Bug 1105742

Summary:	Storage node can get stuck in MAINTENANCE mode if cluster maintenance is executed when one or more agents are unavailable or restarting
Product:	[JBoss] JBoss Operations Network	Reporter:	Larry O'Leary <loleary>
Component:	Storage Node	Assignee:	Michael Burman <miburman>
Status:	CLOSED EOL	QA Contact:	Mike Foley <mfoley>
Severity:	medium	Docs Contact:
Priority:	unspecified
Version:	JON 3.2.1	CC:	fbrychta
Target Milestone:	---
Target Release:	JON 4.0.0
Hardware:	Unspecified
OS:	Unspecified
Whiteboard:
Fixed In Version:		Doc Type:	Bug Fix
Doc Text:		Story Points:	---
Clone Of:		Environment:
Last Closed:	2019-08-05 14:50:55 UTC	Type:	Bug
Regression:	---	Mount Type:	---
Documentation:	---	CRM:
Verified Versions:		Category:	---
oVirt Team:	---	RHEL 7.3 requirements from Atomic Host:
Cloudforms Team:	---	Target Upstream Version:
Embargoed:
Bug Depends On:	1120418
Bug Blocks:

Description Larry O'Leary 2014-06-07 00:01:44 UTC

Description of problem:
Weekly storage cluster maintenance or running storage cluster maintenance manually can put a storage node into what appears to be an unrecoverable maintenance state if its agent is offline due to a synchronized restart.

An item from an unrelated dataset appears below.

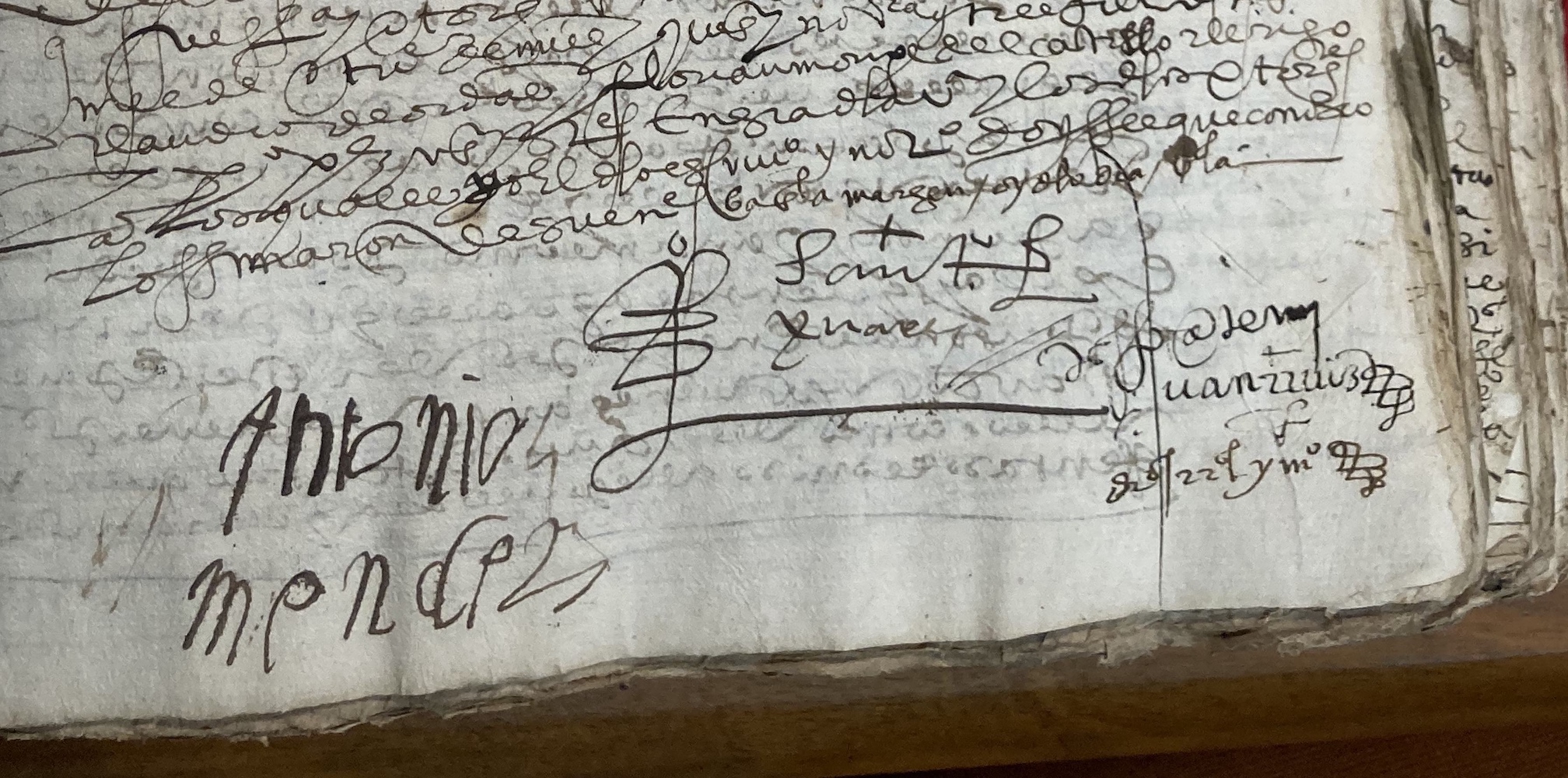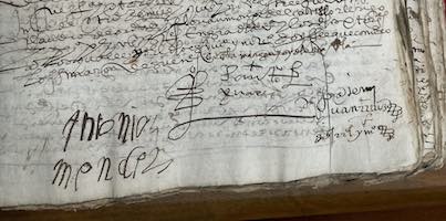 El 5 de octubre de 1593, ante el escribano público Juan Ruiz, se establecía un concierto entre Pedro de Santiago [en la rúbrica Pedro Santiago Juárez], “trompeta de esta villa y vecino de ella”, representando a los trompetas y atabaleros de la ciudad, y Antonio Méndez, “vecino de esta dicha villa”, por el que era “recibido en el dicho oficio de trompeta para las fiestas que de aquí adelante se hicieren en esta dicha villa por la Universidad”. Entraba para reemplazar al trompeta difunto Pedro de Robles en el desempeño de sus obligaciones, el cual había liderado al grupo hasta su fallecimiento:

For example, if agent processes are auto-restarted once a week, this can potentially correspond with the storage cluster auto maintenance job which also runs once a week. The result is that the storage node is left in an operation mode of MAINTENANCE and therefore has its cluster status reported as DOWN.

Version-Release number of selected component (if applicable):
3.2.1

How reproducible:
Always

Steps to Reproduce:
1. Install and start JBoss ON 3.2 system.
2. Install a second agent and storage node.
3. Verify that both storage nodes are in inventory and are UP/NORMAL.
4. Shutdown one of the agents.
5. Invoke the following JBoss ON CLI command:

./rhq-cli.sh -u rhqadmin -p rhqadmin -c 'StorageNodeManager.runClusterMaintenance()'

Actual results:
Storage node running on the agent that was unavailable has its cluster status reported as DOWN and its operation mode indicates MAINTENANCE.

Expected results:
No error or bad state associated with the node.

Additional info:
Although it is understandable that maintenance can not complete while the agent is unavailable, this situation should be temporary. As soon as the agent comes back online, cluster maintenance should continue. In other words, the error state should only be reported/reflected while the agent is down.

The fact that the node is stuck in MAINTENANCE also seems to indicate a desegregated cluster. Auto maintenance shouldn't cause such situations.

Comment 1 John Sanda 2014-08-29 12:20:38 UTC

Bumping the target release due to time constraints. Work has been started though in the storage_workflow branch.

Comment 3 Filip Brychta 2019-08-05 14:50:55 UTC

JBoss ON is coming to the end of its product life cycle. For more information regarding this transition, see https://access.redhat.com/articles/3827121.
This bug report/request is being closed. If you feel this issue should not be closed or requires further review, please create a new bug report against the latest supported JBoss ON 3.3 version.